Signée par Hélène DAVO, première présidente, et par Elorri FORT, greffière auquel la minute de la décision a été remise par le magistrat signataire.
***
EXPOSE DES FAITS ET DE LA PROCEDURE
La S.C.I. 5G PREMIUM a acquis un bien immobilier dans le cadre d’une vente
en l’état futur d’achèvement conclue le 22 mars 2018 avec la S.A.R.L. LAE. La S.C.I. 5G PREMIUM a confié à l’entreprise SMLBTP la réalisation de travaux de finition.
Par acte en date du 26 juin 2019, la S.C.I. 5G PREMIUM a assigné la S.A.R.L. LAE et l’entreprise SMLBTP devant le tribunal judiciaire de Bastia aux fins d’obtenir la réalisation d’une expertise pour constater l’état des travaux, les prestations réalisées par la S.A.R.L. LAE et la société SML BTP et chiffrer les travaux restant à exécuter pour rendre l’immeuble conforme, constater les malfaçons affectant l’ouvrage et chiffrer le coût des reprises et préjudices subis par l’acquéreur.
Par acte du 2 septembre 2019, la société LAE a assigné la société 5G PREMIUM aux fins d’obtenir la résolution de plein droit de la vente intervenue ente la S.A.R.L. LAE et la S.C.I. 5G PREMIUM et condamner la S.A.R.L. LAE à lui verser, en conséquence, diverses sommes.

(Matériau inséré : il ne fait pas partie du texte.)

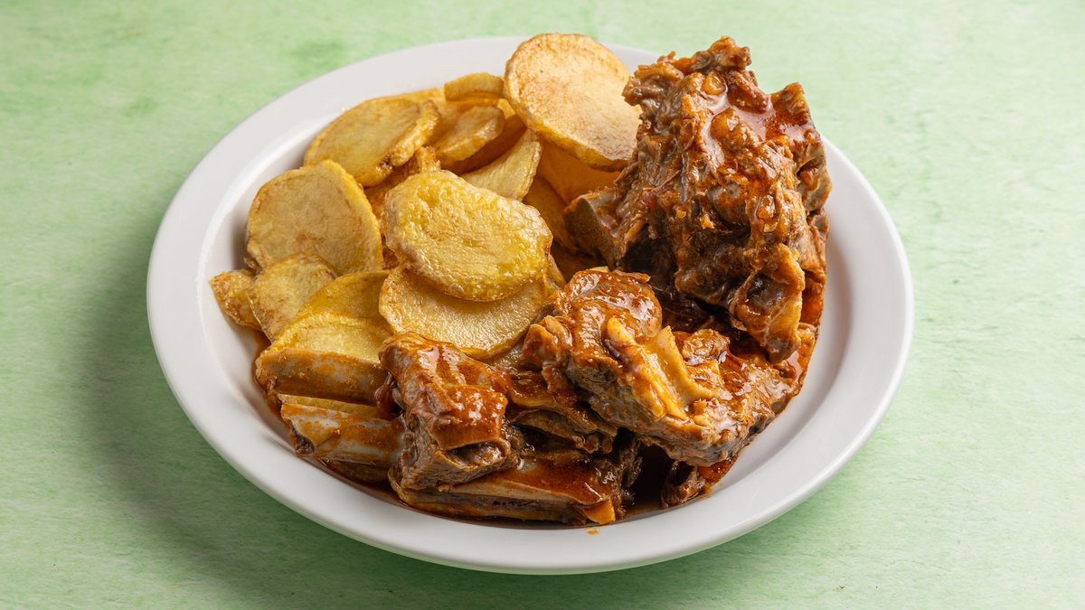 Συνοδεύεται από ρύζι, μακαρόνια ή πατάτες τηγανητές
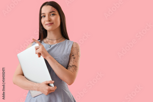 Young woman with laptop on pink background
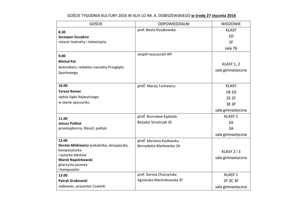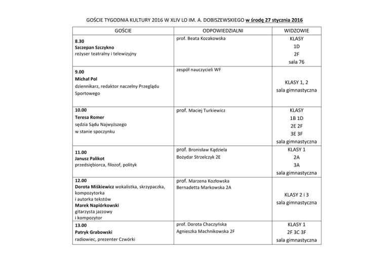 GOŚCIETYGODNIAKULTURY2016WXLIVLOIM.A.DOBISZEWSKIEGOwśrodę27stycznia2016 GOŚCIE 8.30 SzczepanSzczykno reżyserteatralnyitelewizyjny 9.00 MichałPol dziennikarz,redaktornaczelnyPrzeglądu Sportowego 10.00 TeresaRomer sędziaSąduNajwyższego wstaniespoczynku ODPOWIEDZIALNI prof.BeataKozakowska zespółnauczycieliWF KLASY1,2 salagimnastyczna prof.MaciejTurkiewicz 11.00 JanuszPalikot przedsiębiorca,filozof,polityk WIDZOWIE KLASY 1D 2F sala76 prof.BronisławKądziela BożydarStrzelczyk2E KLASY 1B1D 2E2F 3E3F salagimnastyczna KLASY1 2A 3A salagimnastyczna 12.00 DorotaMiśkiewiczwokalistka,skrzypaczka, kompozytorka iautorkatekstów MarekNapiórkowski gitarzystajazzowy ikompozytor prof.MarzenaKozłowska KLASY2i3 salagimnastyczna 13.00 PatrykGrabowski radiowiec,prezenterCzwórki prof.DorotaChaczyńska AgnieszkaMachnikowska2F KLASY1 2F3C3F salagimnastyczna BernadettaMarkowska2A
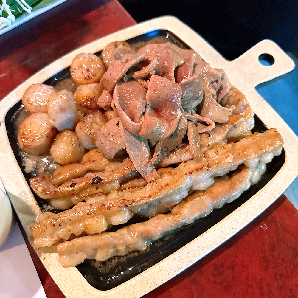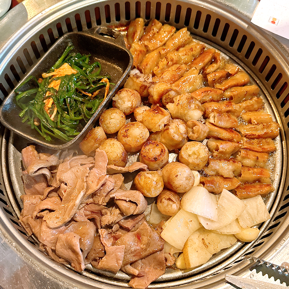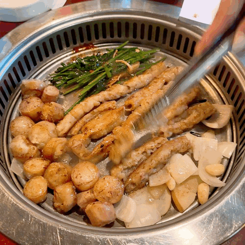 짜잔- 기다렸던 오늘의 주인공이 도착했어요! 곱창모듬구이 인데요- 곱창, 대창, 염통 그리고 구이야채로 구성되어 있답니다. 사실 뭐가 뭔지 구분 잘 못하지만, 일단 셋 다 맛있었어요. 특히나 저는 대창이 취향인걸로~ 대창이 저 커다란 동그라미 맞죠?!!
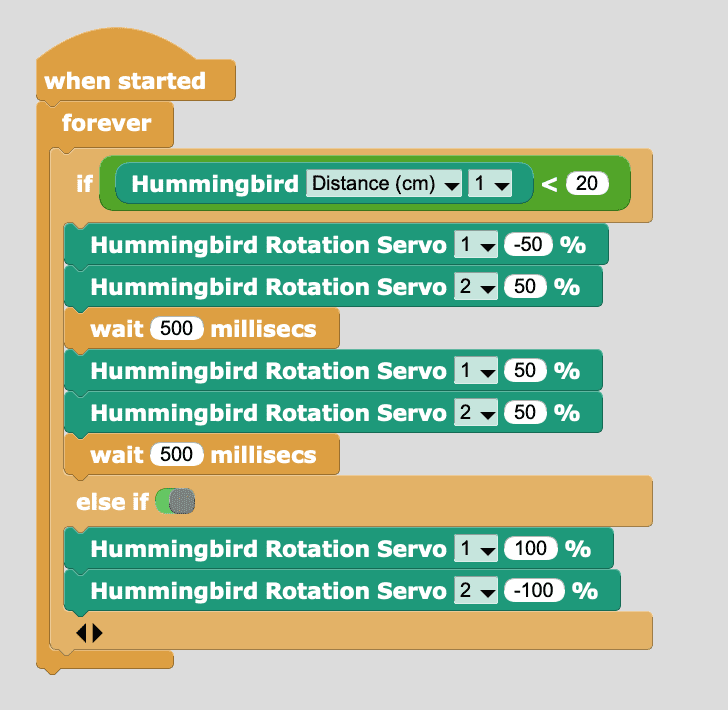 To create a basic program to move and avoid obstacles, use the distance sensor to detect when the rover is near a wall or another obstacle. If the rover detects an obstacle, it should back up and turn. Otherwise, the rover should drive forward. Basic code for this is shown here. Note that two rotation servos on the rover point in opposite directions. This means that to move the rover forward, the two servos must move in opposite directions.

Par acte en date du 11 mars 2020, la S.C.I. 5G PREMIUM a appelé dans la cause M. [Z] [R], pris en sa qualité d’administrateur judiciaire de la S.A.S. SML BTP ainsi que la S.E.L.A.R.L Étude Balincourt prise en sa qualité de mandataire judiciaire de la S.A.S. SML BTP.

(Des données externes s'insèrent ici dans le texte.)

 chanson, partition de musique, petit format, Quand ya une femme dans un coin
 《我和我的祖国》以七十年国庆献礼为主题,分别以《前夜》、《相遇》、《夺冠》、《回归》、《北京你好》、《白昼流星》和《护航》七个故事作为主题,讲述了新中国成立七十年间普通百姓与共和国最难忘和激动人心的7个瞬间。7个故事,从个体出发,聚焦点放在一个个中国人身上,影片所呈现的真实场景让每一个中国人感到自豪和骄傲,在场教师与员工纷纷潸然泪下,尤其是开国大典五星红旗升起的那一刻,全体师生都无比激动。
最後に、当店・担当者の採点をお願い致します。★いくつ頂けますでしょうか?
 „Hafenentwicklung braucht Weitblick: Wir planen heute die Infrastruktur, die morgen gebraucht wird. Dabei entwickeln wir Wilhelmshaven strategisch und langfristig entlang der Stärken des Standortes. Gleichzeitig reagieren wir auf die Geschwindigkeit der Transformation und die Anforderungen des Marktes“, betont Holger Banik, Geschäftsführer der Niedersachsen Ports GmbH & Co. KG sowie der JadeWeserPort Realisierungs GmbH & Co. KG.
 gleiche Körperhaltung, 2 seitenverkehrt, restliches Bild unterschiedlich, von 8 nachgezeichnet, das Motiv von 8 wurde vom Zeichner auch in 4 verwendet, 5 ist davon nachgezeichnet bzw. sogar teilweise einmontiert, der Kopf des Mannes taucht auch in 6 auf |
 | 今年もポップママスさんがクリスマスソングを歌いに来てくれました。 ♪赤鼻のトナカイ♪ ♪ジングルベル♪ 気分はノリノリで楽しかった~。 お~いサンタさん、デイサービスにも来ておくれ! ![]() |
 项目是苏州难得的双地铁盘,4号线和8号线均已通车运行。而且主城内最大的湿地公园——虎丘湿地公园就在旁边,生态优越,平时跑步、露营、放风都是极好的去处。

Par ordonnance en date du 10 janvier 2020, le juge de la mise en état a ordonné la jonction des différentes procédures introduites ainsi qu’une expertise sur les travaux litigieux, laquelle a été confié à M. [P] [I].
Par acte en date du 12 août 2021, la société LAE a appelé à la cause la S.A.R.L. CAMPANA BATTISTELLI ARCHITECTURE aux fins, notamment, que les opérations d’expertises lui soient contradictoires.

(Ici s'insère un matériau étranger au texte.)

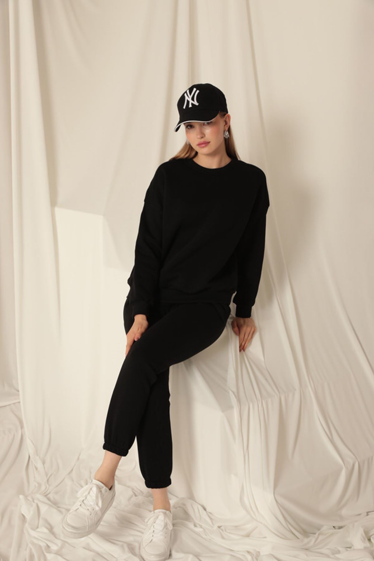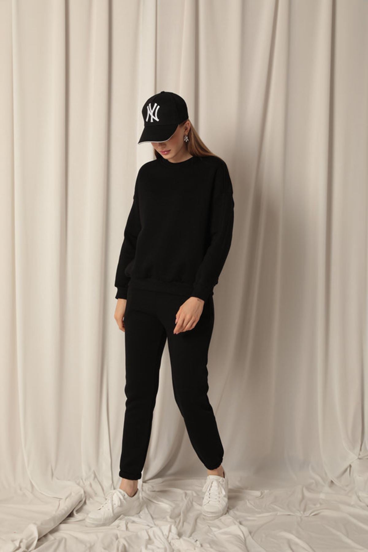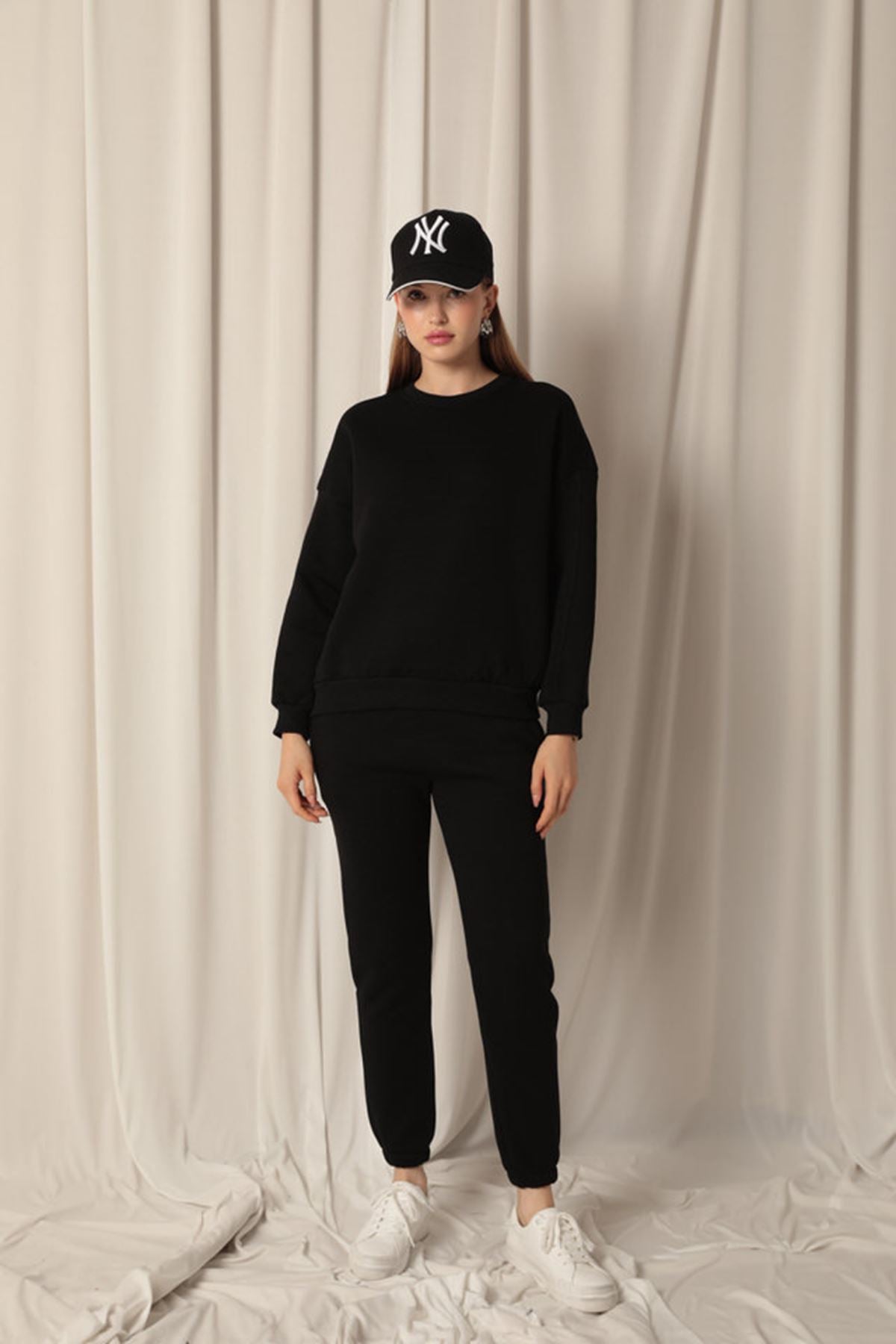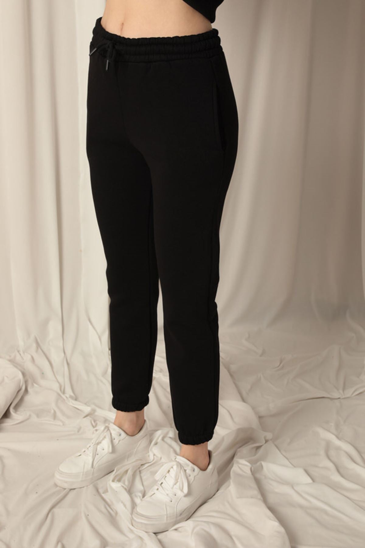 Üç İplik Kumaş Paçası Beli Lastikli Kadın Siyah Eşofman Altı

Par ordonnance en date du 3 décembre 2021, la procédure a été jointe à l’instance principale.
Par acte en date du 25 mai 2022, la société LAE a appelé à la cause la S.A.R.L. INGETEC et la mutuelle des architectes français, procédure qui a été jointe à l’instance principale en date du 20 janvier 2023 du juge de la mise en état.
Par ordonnance du 11 septembre 2024, le juge de la mise en état a ordonné la clôture partielle de la procédure à l’égard de la mutuelle des architectes, ordonnance qui a été révoquée le 8 octobre 2024.
Par jugement réputé contradictoire en date 20 mars 2025, le tribunal judiciaire de Bastia a notamment :
« – ANNULÉ le rapport d’expertise rendu par M. [P] [I] en exécution de l’ordonnance de référé en date du 10 janvier 2020 ;
— ORDONNÉ une expertise et commis pour y procéder M. [F] [C] avec mission précisé au dispositif ;
— SURSI à statuer sur les autres demandes dans le présent litige jusqu’au dépôt du rapport d’expertise ».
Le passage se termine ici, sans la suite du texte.